- Open Access
Homology modeling and molecular dynamics provide structural insights into tospovirus nucleoprotein
BMC Bioinformaticsvolume 17, Article number: 489 (2016)
Tospovirus is a plant-infecting genus within the family Bunyaviridae, which also includes four animal-infecting genera: Hantavirus, Nairovirus, Phlebovirus and Orthobunyavirus. Compared to these members, the structures of Tospovirus proteins still are poorly understood. Despite multiple studies have attempted to identify candidate N protein regions involved in RNA binding and protein multimerization for tospovirus using yeast two-hybrid systems (Y2HS) and site-directed mutagenesis, the tospovirus ribonucleocapsids (RNPs) remains largely uncharacterized at the molecular level and the lack of structural information prevents detailed insight into these interactions.
Here we used the nucleoprotein structure of LACV (La Crosse virus-Orthobunyavirus) and molecular dynamics simulations to access the structure and dynamics of the nucleoprotein from tospovirus GRSV (Groundnut ringspot virus). The resulting model is a monomer composed by a flexible N-terminal and C-terminal arms and a globular domain with a positively charged groove in which RNA is deeply encompassed. This model allowed identifying the candidate amino acids residues involved in RNA interaction and N-N multimerization. Moreover, most residues predicted to be involved in these interactions are highly conserved among tospoviruses.
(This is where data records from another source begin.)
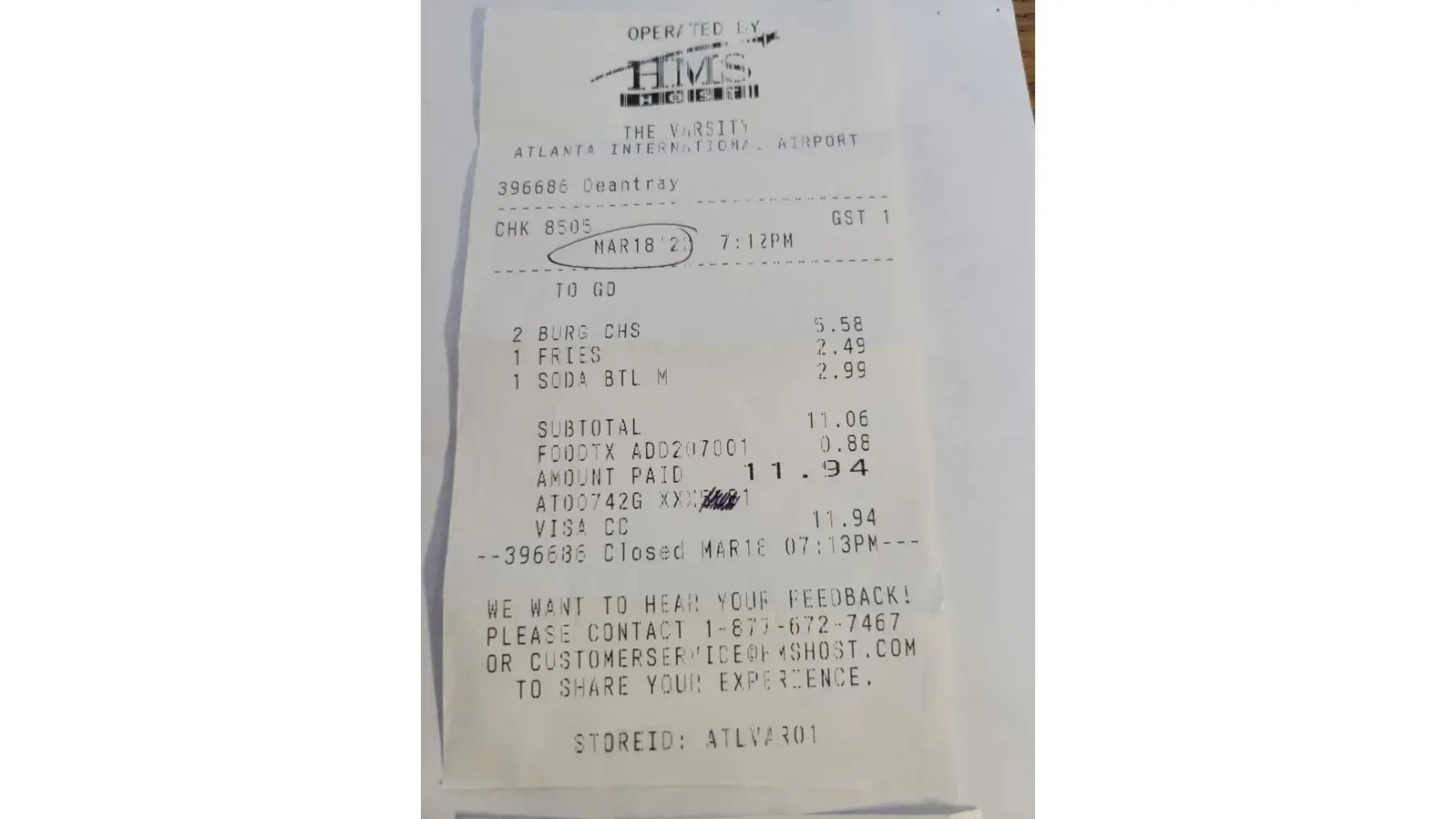 I arrived at Hartsfield airport just before 7 PM on Friday, March 18. No food was served on the flight so I planned to eat in the airport before catching my next flight. I went to The Varsity as I had eaten at a Varsity restaurant before in Athens, GA and liked the food and assumed this was an offshoot of that restaurant.
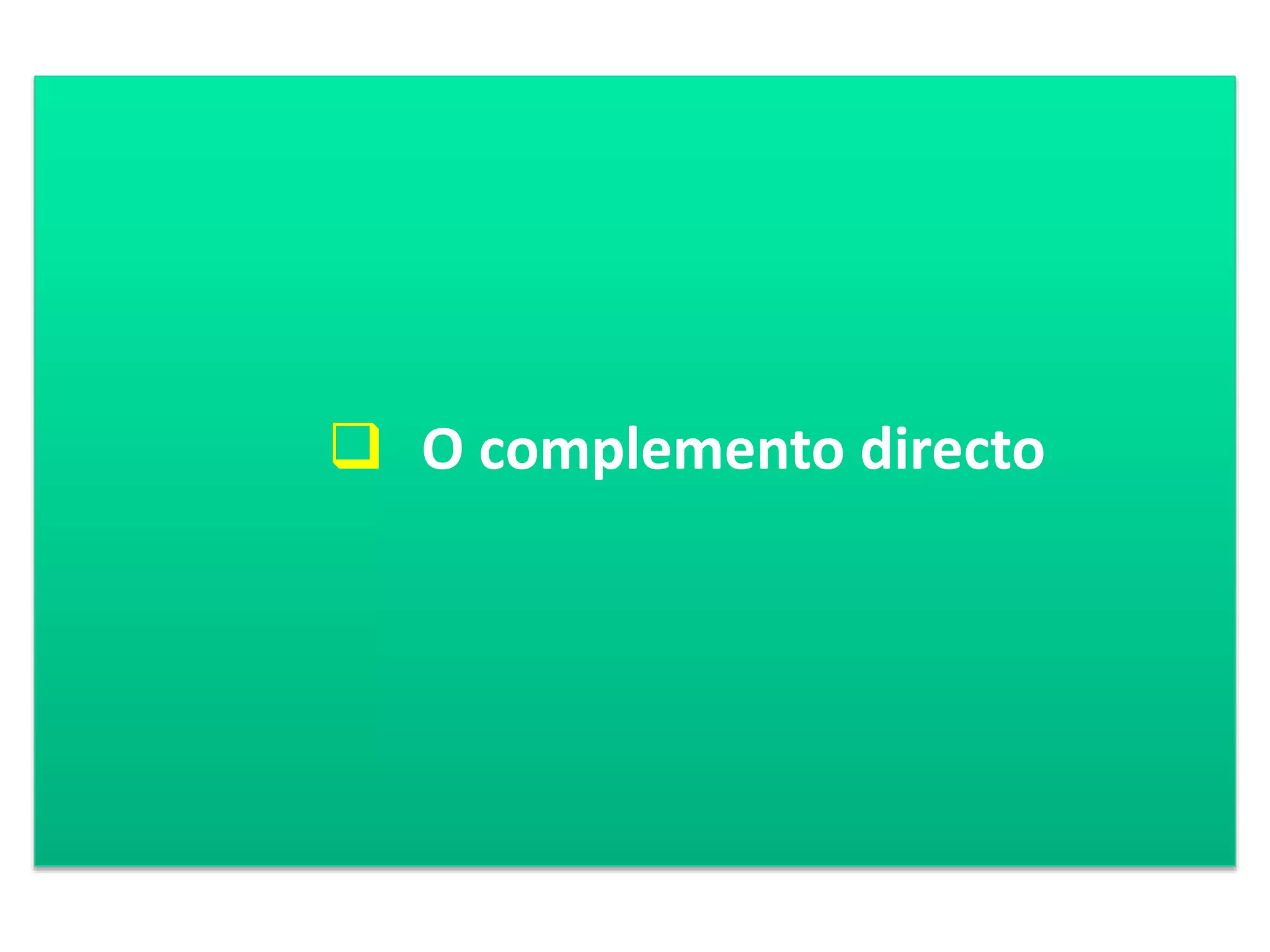 Este documento fornece instruções sobre como identificar e usar complementos diretos em frases. Explica como (1) completar frases com complementos diretos, (2) sublinhar complementos diretos, (3) preencher uma tabela com sujeitos, verbos e complementos diretos, e (4) substituir complementos diretos por pronomes pessoais.
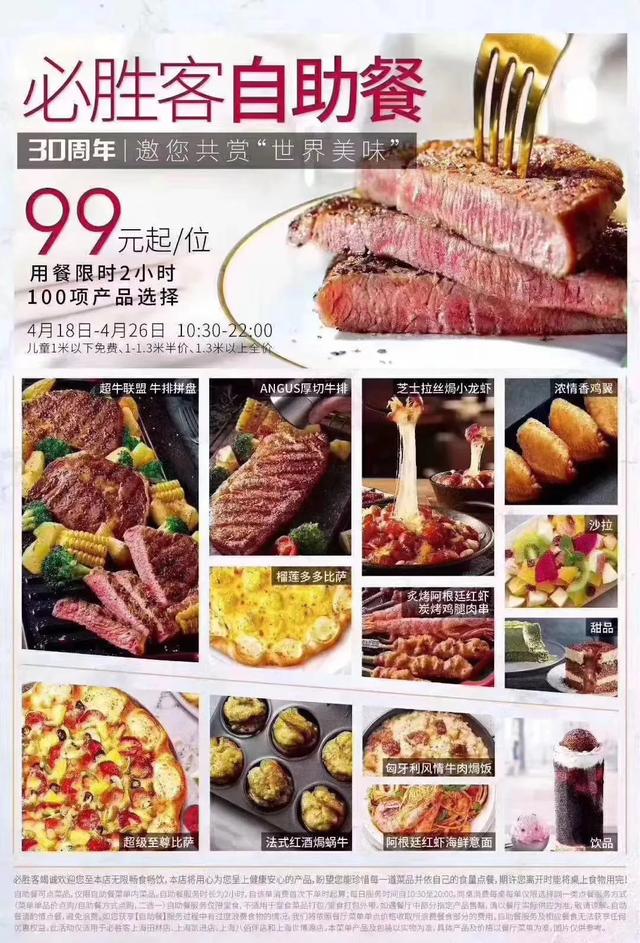 看来活动确实开始了。这种自助餐涉及全球2000家披萨小屋。活动时间为6月8日至6月12日,有牛排、小龙虾、鸡翅等。
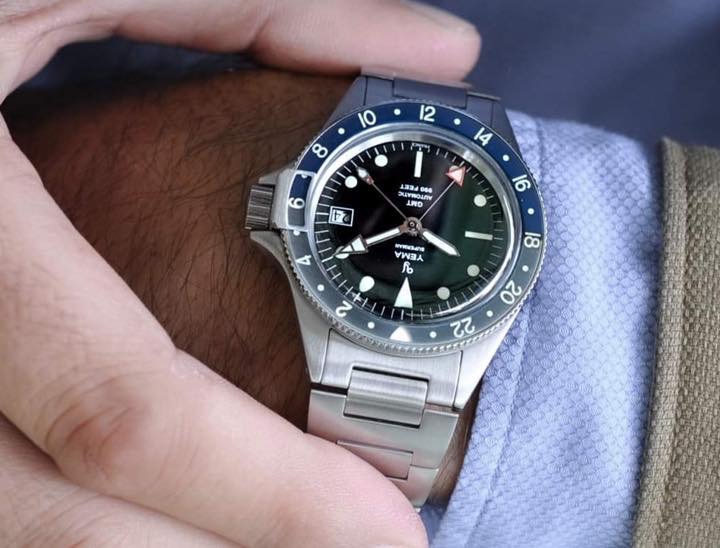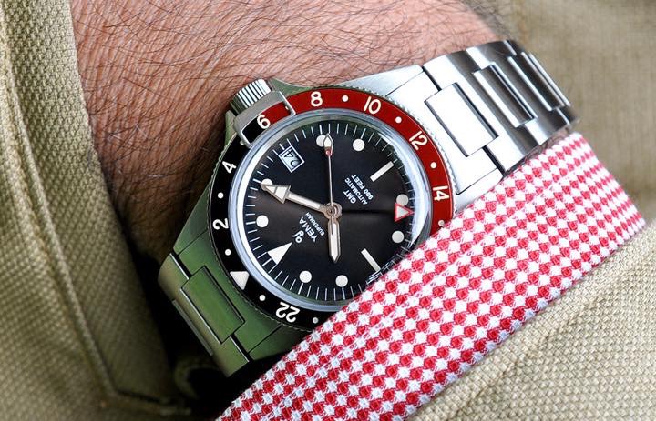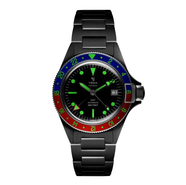 7月22日より予約開始となる「スーパーマン・ヘリテージGMT」(20万5200円)は、その名の通りGMT(メインとサブ、2つの時間帯を表示)機能を搭載したダイバーズウォッチです。

Crucially, the interaction model proposed here for GRSV N is further corroborated by the all available mutational studies on TSWV (Tomato spotted wilt virus) N, so far. Our data will help designing further and more accurate mutational and functional studies of tospovirus N proteins. In addition, the proposed model may shed light on the mechanisms of RNP shaping and could allow the identification of essential amino acid residues as potential targets for tospovirus control strategies.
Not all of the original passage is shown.